▸ **Exercise instructions**:
Since pictures are not wanted in the copy, output only the rest of each record exactly.

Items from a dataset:
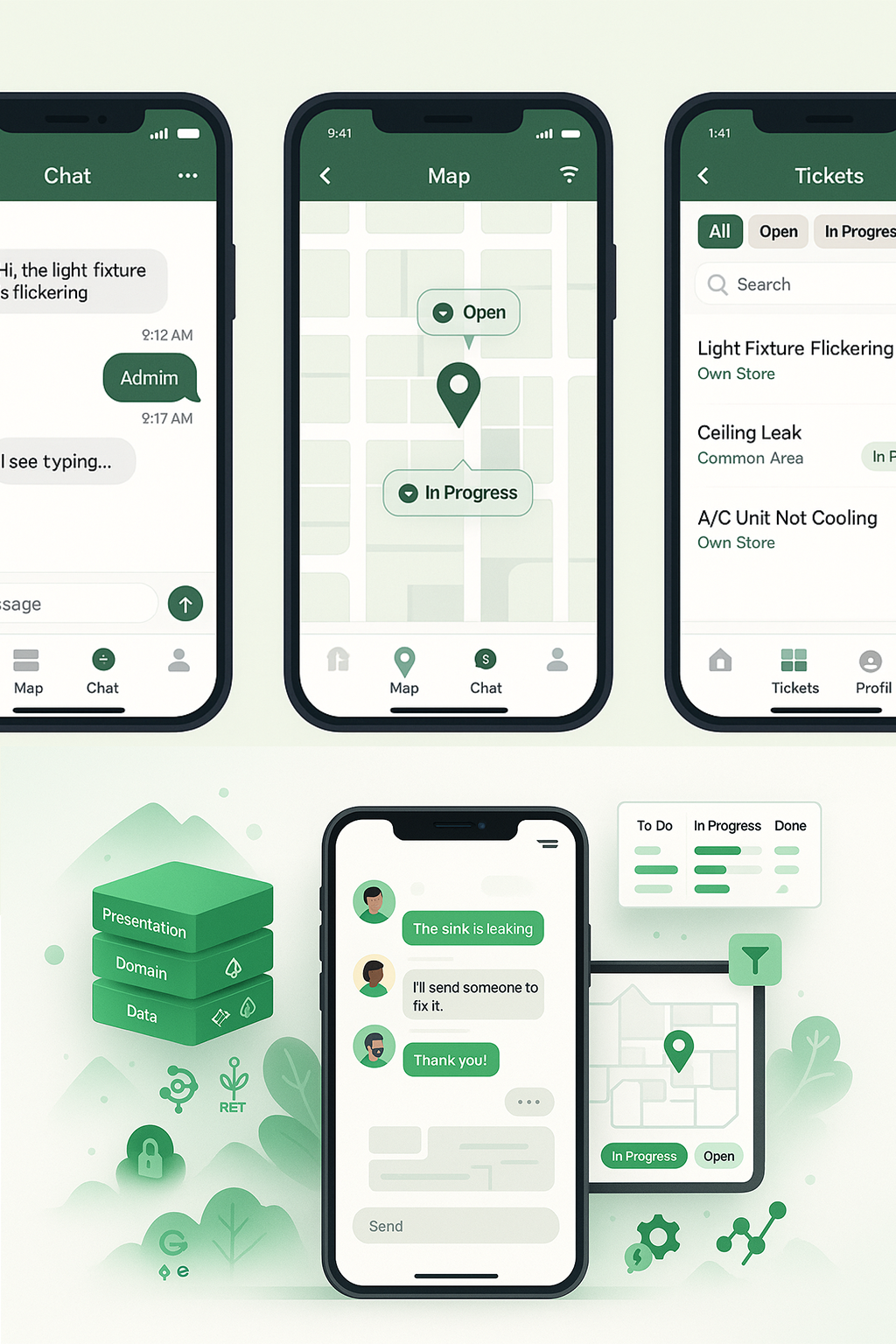 We're building a new mobile Maintenance App designed for shop owners, administrators, and maintenance crews to streamline managing repair requests for both private shop and common areas. Key features include real-time chat between all user groups and an interactive floor map allowing users to precisely pinpoint the location of an issue, describe the problem, and add contextual information like photos or notes. The app is built with a high-fidelity user interface, focusing on responsiveness and smooth navigation using bottom tabs. Its technical foundation is a clean, domain-driven architecture, leveraging Riverpod for state management, Dio and GraphQL for robust data handling, and secure local storage to protect sensitive information.
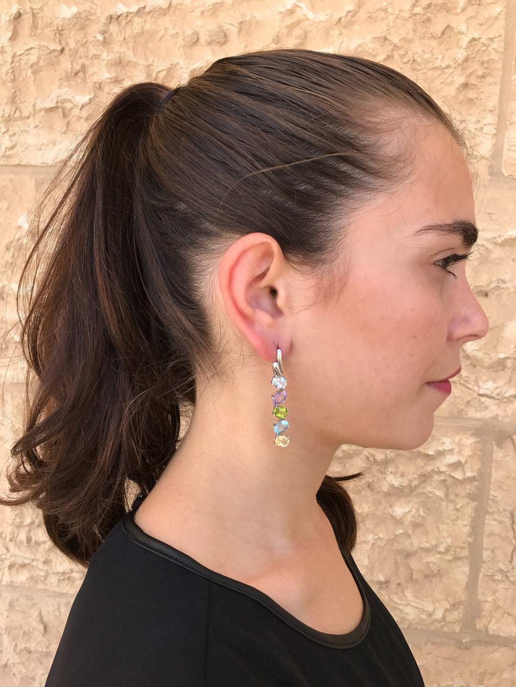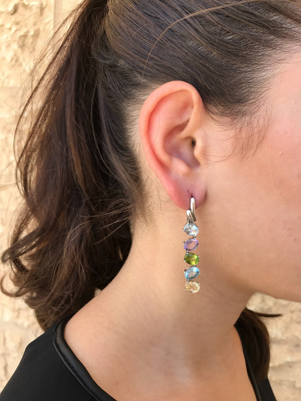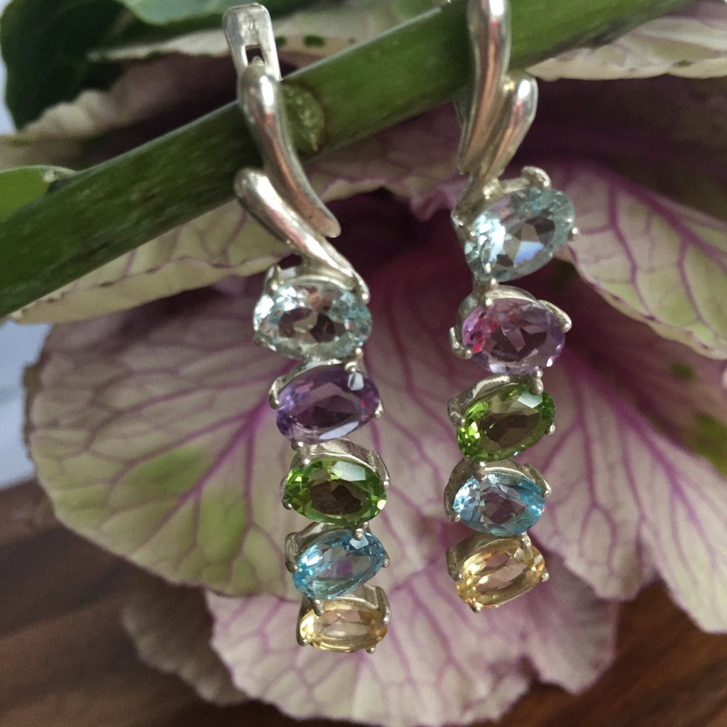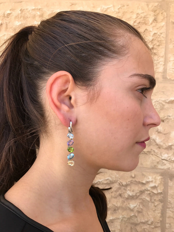 Vertical Gemstone Earrings set with Natural Citrine, Natural Amethyst, Natural Peridot & Natural Blue Topaz stones in a perfect Diamond cut and perfect clarity (10 Natural Stones altogether). Spontaneous shape design made of Solid 925 Sterling Silver (no “coating" ☞ only Solid Pure Silver - made to last). They can be worn as Bridal Earrings, Evening Earrings, Gala Events and pretty much for any special occasion.
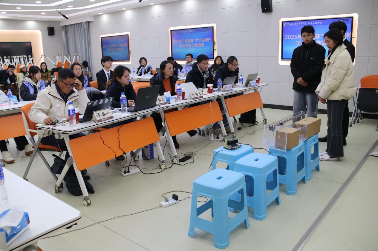 本次竞赛设置自然科学类学术论文、哲学社会科学类社会调查报告和学术论文、科技发明制作类三个赛道,采用“项目展示+现场答辩”双环节评审机制。18个参赛项目紧扣“学科交叉融合与创新实践”主题,通过实物演示、数据建模、案例推演等多元化形式,系统展示了项目的创新价值与社会效益。评审专家从技术创新性、实践可行性、科学严谨性、技术先进性和应用转化潜力等维度进行综合评估,并对各项目的研究方法、技术路径等关键问题提出了优化建议。
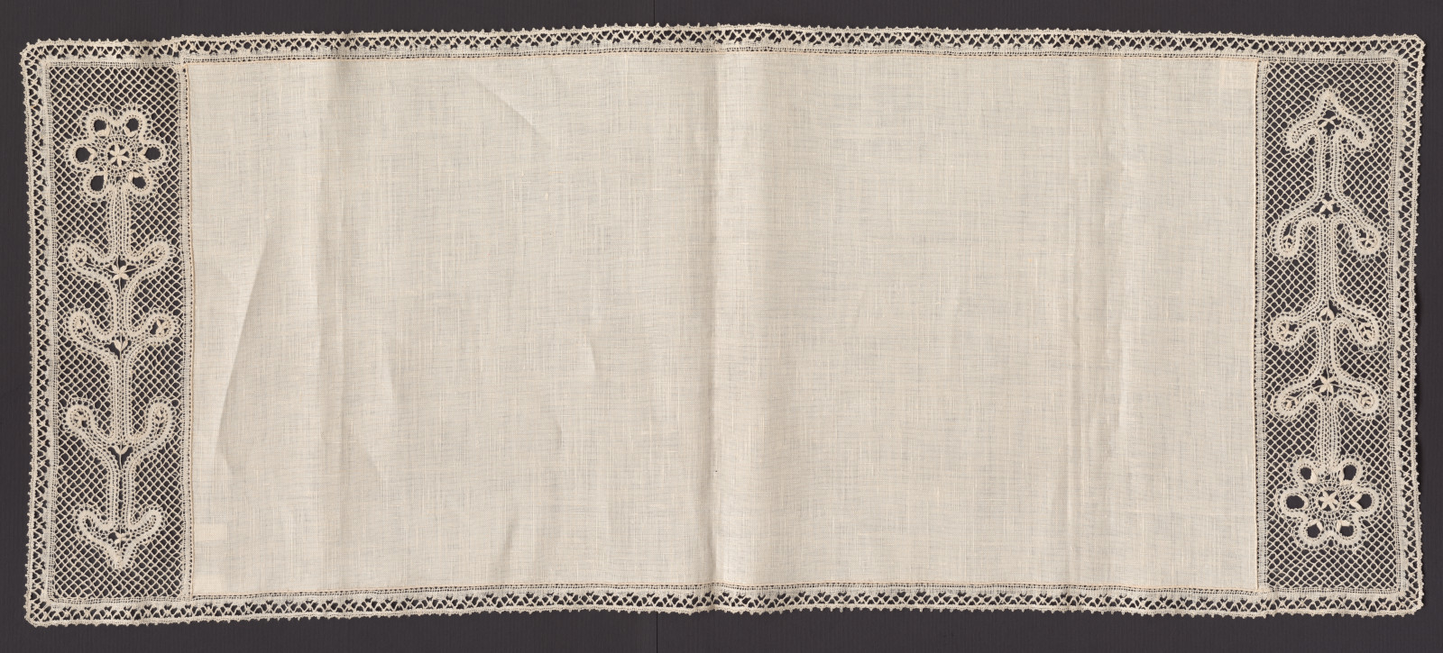 Prikrývka s paličkovanou čipkou umiestnenou na oboch užších koncoch. Motív kvetu na stonke vychádza zo spišských tradičných čipiek. Autor návrhu: Božena Janeková, 1984 Realizátor: Jozefína Majerská, Staré Hory
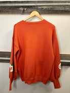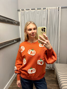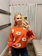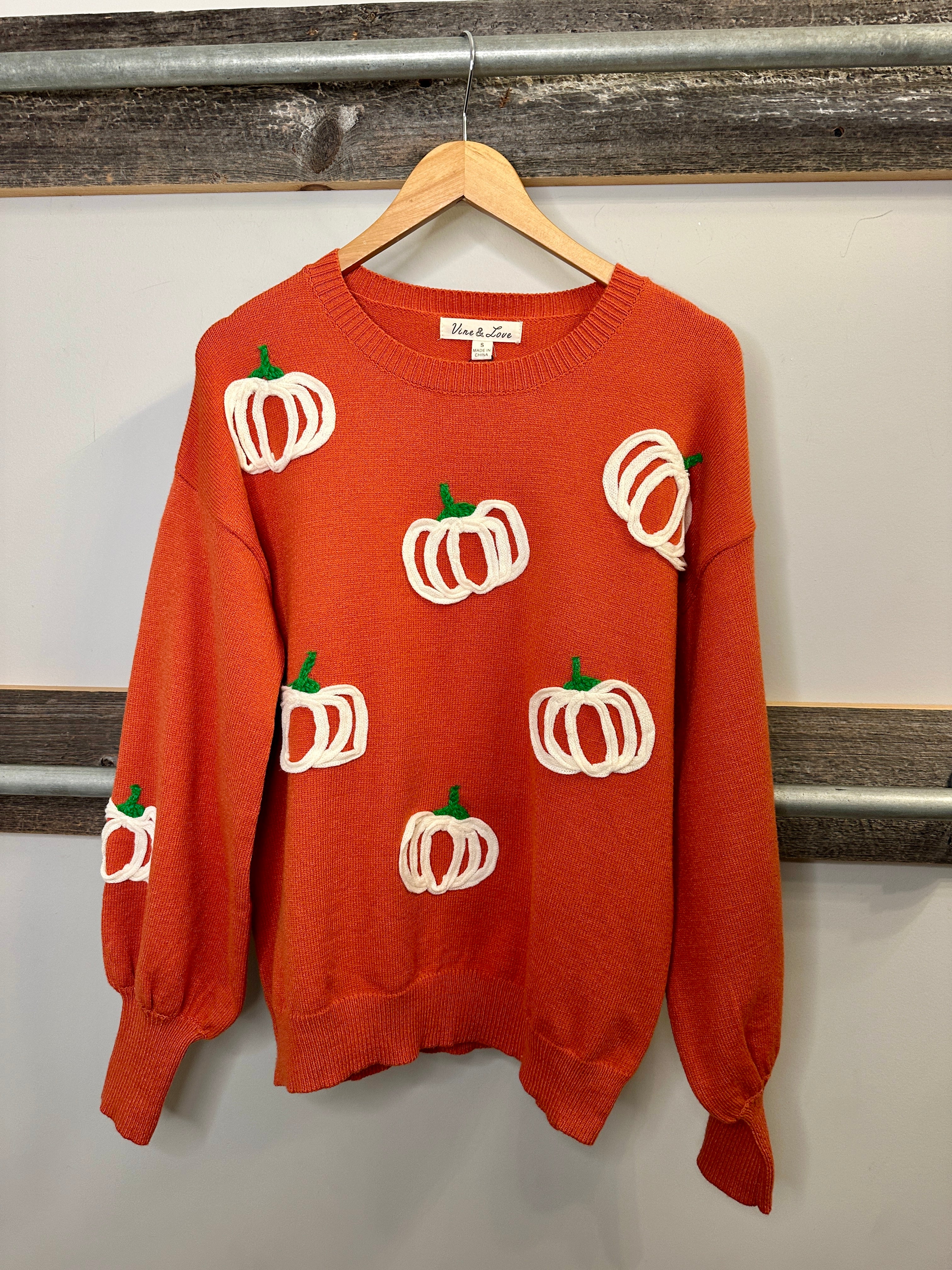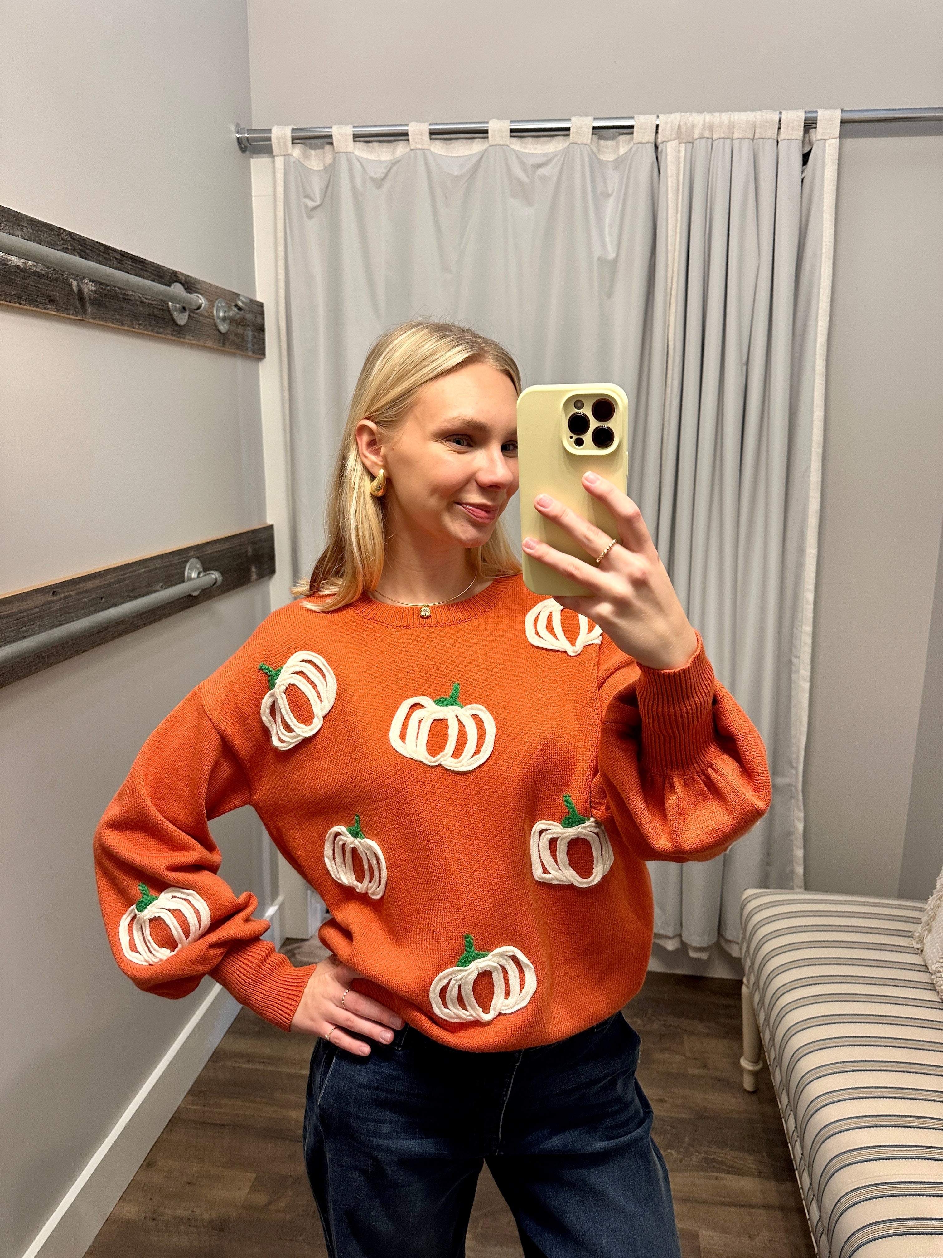This sweater is a cozy, festive knit pullover in a warm pumpkin-orange color, perfect for fall. It features playful 3D white pumpkin appliqués with green stems embroidered across the front and sleeves, adding a fun, seasonal charm. The design includes a classic crew neckline, relaxed fit, and slightly ballooned sleeves that taper into ribbed cuffs for a comfortable, flattering shape.

▸ **Solved exercise**:
 We're building a new mobile Maintenance App designed for shop owners, administrators, and maintenance crews to streamline managing repair requests for both private shop and common areas. Key features include real-time chat between all user groups and an interactive floor map allowing users to precisely pinpoint the location of an issue, describe the problem, and add contextual information like photos or notes. The app is built with a high-fidelity user interface, focusing on responsiveness and smooth navigation using bottom tabs. Its technical foundation is a clean, domain-driven architecture, leveraging Riverpod for state management, Dio and GraphQL for robust data handling, and secure local storage to protect sensitive information.
 Vertical Gemstone Earrings set with Natural Citrine, Natural Amethyst, Natural Peridot & Natural Blue Topaz stones in a perfect Diamond cut and perfect clarity (10 Natural Stones altogether). Spontaneous shape design made of Solid 925 Sterling Silver (no “coating" ☞ only Solid Pure Silver - made to last). They can be worn as Bridal Earrings, Evening Earrings, Gala Events and pretty much for any special occasion.
 本次竞赛设置自然科学类学术论文、哲学社会科学类社会调查报告和学术论文、科技发明制作类三个赛道,采用“项目展示+现场答辩”双环节评审机制。18个参赛项目紧扣“学科交叉融合与创新实践”主题,通过实物演示、数据建模、案例推演等多元化形式,系统展示了项目的创新价值与社会效益。评审专家从技术创新性、实践可行性、科学严谨性、技术先进性和应用转化潜力等维度进行综合评估,并对各项目的研究方法、技术路径等关键问题提出了优化建议。
 Prikrývka s paličkovanou čipkou umiestnenou na oboch užších koncoch. Motív kvetu na stonke vychádza zo spišských tradičných čipiek. Autor návrhu: Božena Janeková, 1984 Realizátor: Jozefína Majerská, Staré Hory
This sweater is a cozy, festive knit pullover in a warm pumpkin-orange color, perfect for fall. It features playful 3D white pumpkin appliqués with green stems embroidered across the front and sleeves, adding a fun, seasonal charm. The design includes a classic crew neckline, relaxed fit, and slightly ballooned sleeves that taper into ribbed cuffs for a comfortable, flattering shape.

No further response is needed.